If you are dealing with multiple systems and a dedicated backup system and terrabytes of space, I would think it is way past time to adopt some backup software that supports that kind of thing and automates the process for you. If I were doing it, I would implement Amanda. But it sounds like you may have some other issues to resolve first, such as space and resources on your backup server compared to your backup needs. Amanda can handle the encryption as well as the other things you are dealing with; but, like anything, it needs adequate disk space to work with.

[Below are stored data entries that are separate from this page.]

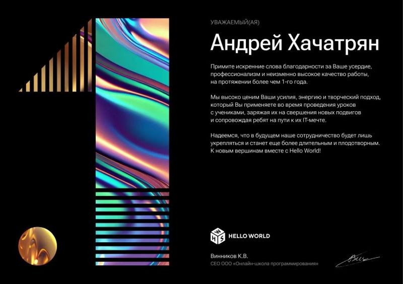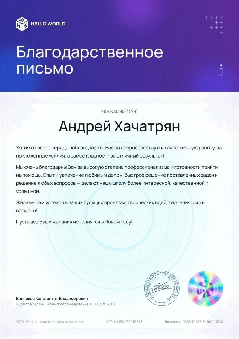 - Онлайн-школа программирования Hello World, благодарственное письмо за добросовестную и качественную работу, за приложенные усилия и за отличный результат, 2022 г.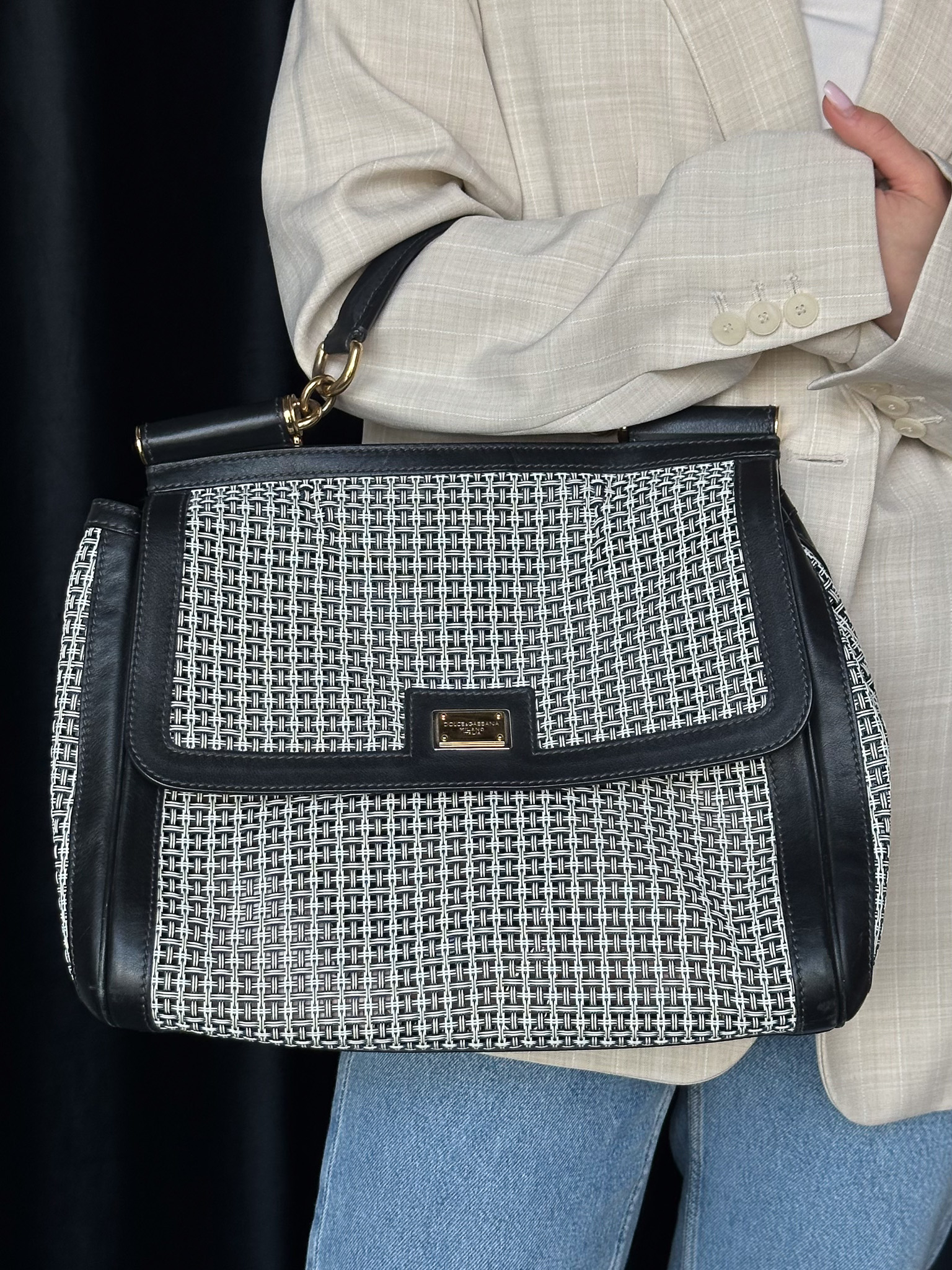 "czarno-beżowa, ażurowa torebka, czarny skórzany długi pasek. W środku czarna kosmetyczka na złotym łańcuszku z podszewka w panterkę. Wymiary: 32 cm x 29 cm"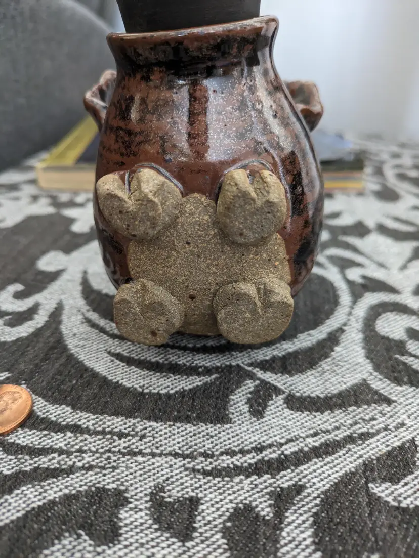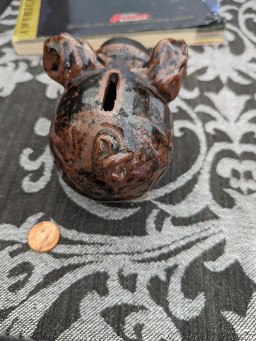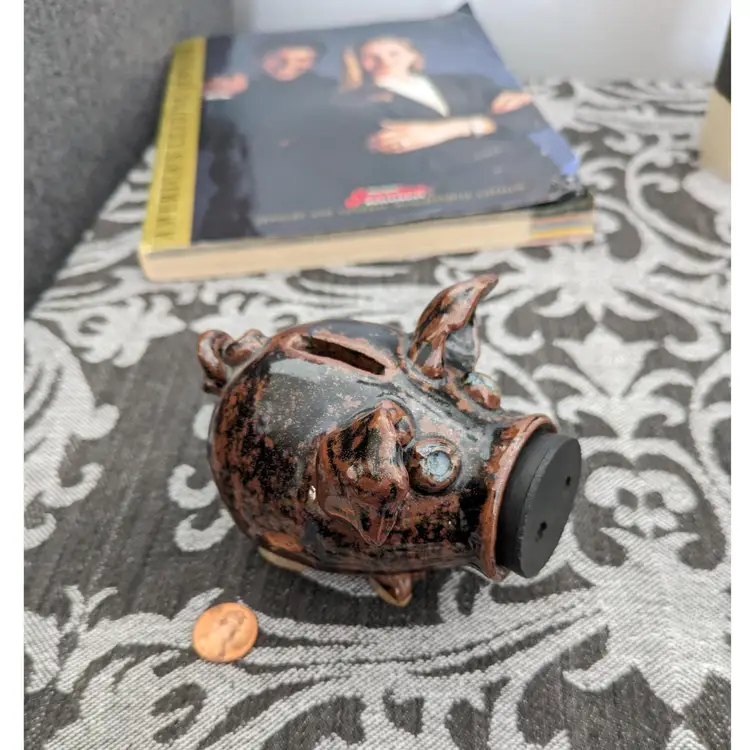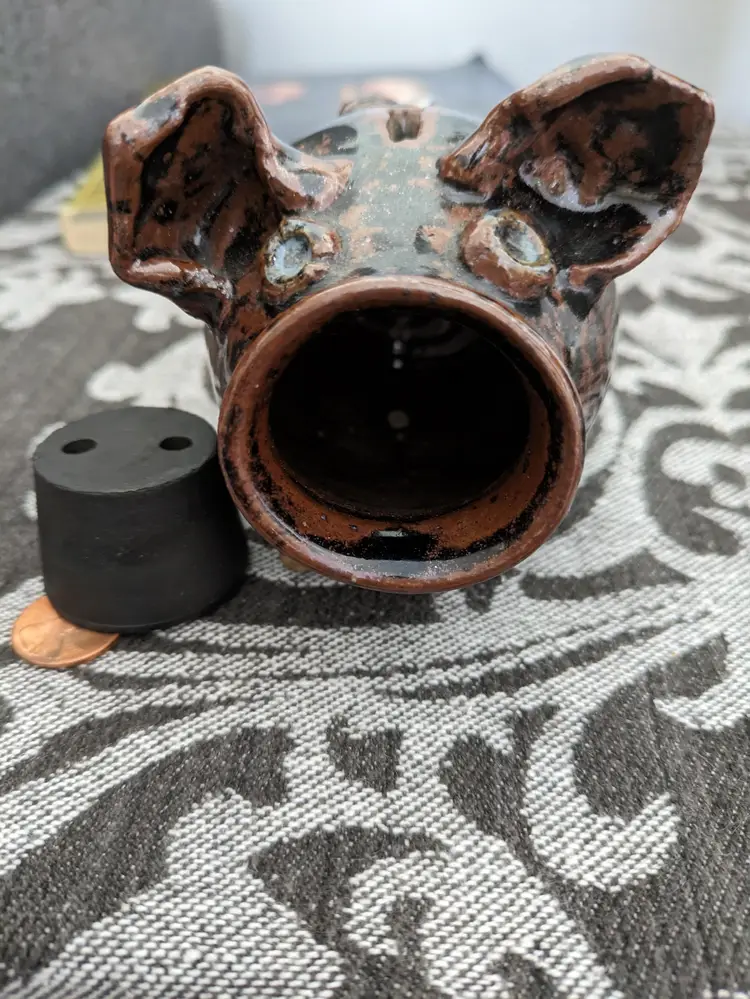This functional piggy bank with rubber stopper snout boasts is a unique glazed pottery art collectible.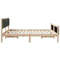 This Modern Bed Frame is an exquisite addition to any bedroom, effortlessly merging style and functionality. Its rectangular shape embodies contemporary elegance, making it an ideal choice for anyone seeking a sleek look and substantial presence in the bedroom. Whether for winter's coziness or summer's coolness, this bed frame is adaptable, creating a statement piece in any seasonal setup. Its overall appearance is augmented by the clean lines and dynamic styling, ready to set the tone of a vibrant bedroom setting. Solid Pine Wood Construction: The sturdy bed frame is crafted from high-quality solid pine wood, offering lasting strength and stability for peace of mind. This durable material ensures the frame withstands daily use and supports a comfortable night's rest. Platform Slatted Base: Equipped with a platform slatted frame, it provides uniform mattress support, enhancing relaxation and comfort. The solid base design minimizes movement, promoting a restful sleep experience. Polyester Upholstered Headboard: Featuring a chic polyester headboard, this bed frame adds a touch of elegance while providing a cushioned surface for leaning and reading. Its soft texture contrasts beautifully with the robust frame. Ample Under-Bed Room: Offers generous space beneath the bed, perfect for storing essentials, optimizing bedroom organization. This feature enhances room appearance by reducing clutter. Contemporary Design: Embodies current design with its sharp look, tailored for modern homes. Fits seamlessly into various interiors, enhancing the room's aesthetic while allowing versatility.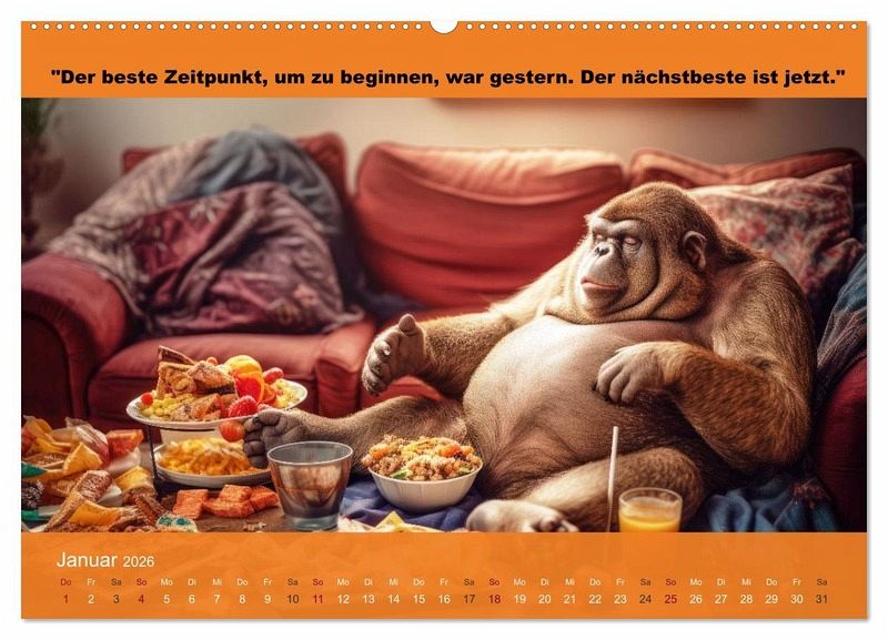 Entdecken Sie den ultimativen Motivationsboost für Ihr Abnehmziel. Unser einzigartiger Kalender begleitet Sie durch das Jahr mit einem Lächeln! Jeden Monat erwartet Sie ein humorvoller Spruch, gepaart mit einem unwiderstehlich lustigen Tierbild, das Sie inspiriert, Ihre Fitnessziele mit Freude anzugehen. Vergessen Sie langweilige Diätpläne und monotone Workouts. Mit unserem Kalender wird jede Gewichtsreduktion zur fröhlichen Herausforderung. Lassen Sie sich Monat für Monat motivieren, bleiben Sie dran an Ihren Zielen und genießen Sie den Weg zu einem gesünderen Ich. Mit unserem Kalender an Ihrer Seite wird jeder Tag zu einem Schritt voller Freude und Lachen auf Ihrer Reise zum Wunschgewicht. Holen Sie sich jetzt Ihren Begleiter für ein Jahr voller Motivation und Spaß!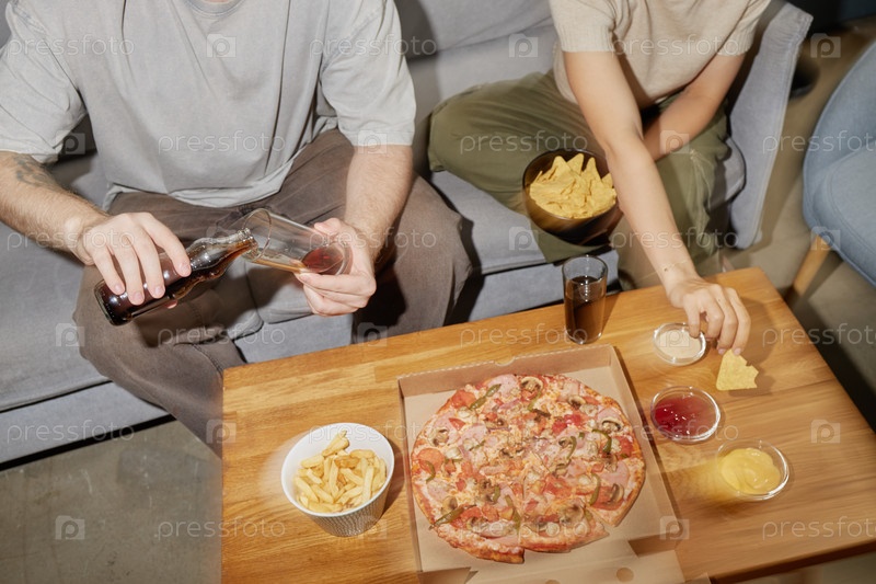 Молодой человек наливает газировку, в то время как молодая женщина достигает начоса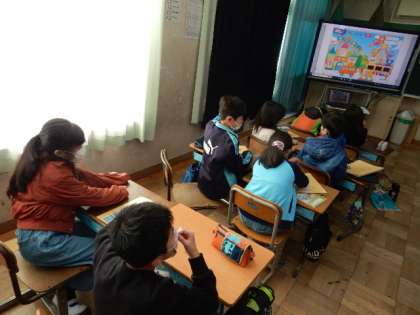 12/12(月) 3年生 公開日 2022/12/12 更新日 2022/12/12 3年生 外国語活動です。ゲームをしながら「circle」「heart」「triangle」「diamond」など形を表す英単語の発音の練習や聞き取りの練習をしています。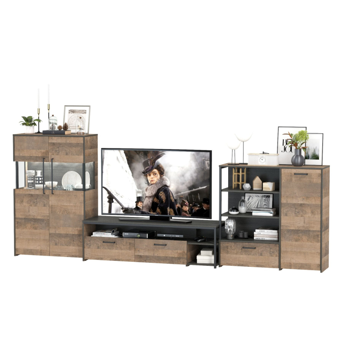 Брутальный декор и контрастная кромка, как и лицевая фурнитура придаёт мебели индустриальную эстетику. Комплектация состоит из тумбы под ТВ Трувор 13.70, комода с дверкой Трувор 13.307.01 и комода с витриной Трувор 13.306. Тумба Трувор 13.70 оснащена широкой нишей сверху и 2 выдвижными ящиками и небольшой нишей снизу. Столешница тумбы имеет по центру кабель-канал, что значительно упрощает подключение техники и проблемы с проводами. Тумба под ТВ Трувор 13.70 имеет универсальную сборку, что позволяет расположить ящики как справа, так и слева. Вместительный комод оснащен 2 полками за распашной дверкой с одной стороны и 3 открытыми нишами и выдвижным ящиком снизу с другой. Комод Трувор 13.307.01 имеет универсальную сборку, что позволяет расположить дверку как справа, так и слева. Направляющие выдвижных ящиков скрытого монтажа и четырёхшарнирные петли дверки оснащены доводчиками, что обеспечивают повышенный комфорт и надёжность. Металлические элементы делают эту мебель надёжной, аутентичной и функциональной. За распашными дверками комода со стеклянными вставками расположены 3 полки. Центральная часть комода имеет витрину с подсветкой. Светодиодная подсветка в витрине со стеклом — эффектно подчёркивает аксессуары. Четырёхшарнирные петли дверей оснащены доводчиками, что обеспечивают повышенный комфорт и надёжность. На нижних кромках опор предусмотрены пластиковые подпятники для защиты поверхности пола от механических повреждений. Выполнена мебель из ламинированной ДСП 16 мм и металлических элементов, торцы окромлены ПХВ плёнкой 0,4 мм. В производстве мебели использована современная фурнитура, отличающаяся высокой надёжностью и долговечностью. Поставляется в разобранном виде в надёжной упаковке, с комплектом сборочной фурнитуры и инструкцией по сборке.
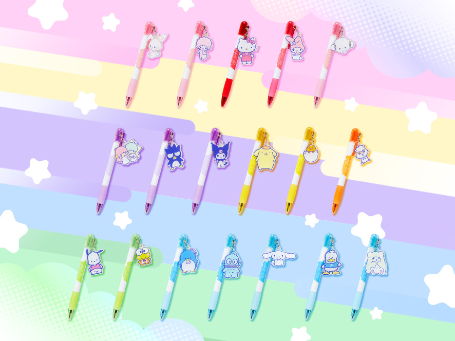 ペンの軸色は、それぞれのキャラクターをイメージした色合いになっています。

We have adequate disk space for the task at hand - I still have free space on the backup volume. It just happens that two of the backups are larger than the free space available, making encrypting to disk first not a feasible option. Right now, we have all of our windows servers use ntbackup to back themselves up to a Samba share on this Ubuntu backup server. Once the backups are complete, I have a tar script that writes the files to the tape drive, advancing the tapes as required. This server *used* to be Windows with BackupExec, but it performed like crap and BackupExec was buggy so I wrote an in-house application to control when the backups run and scripted this tar command to write the files to disk. Normally, the only human intervention is to change the tapes when it emails me to.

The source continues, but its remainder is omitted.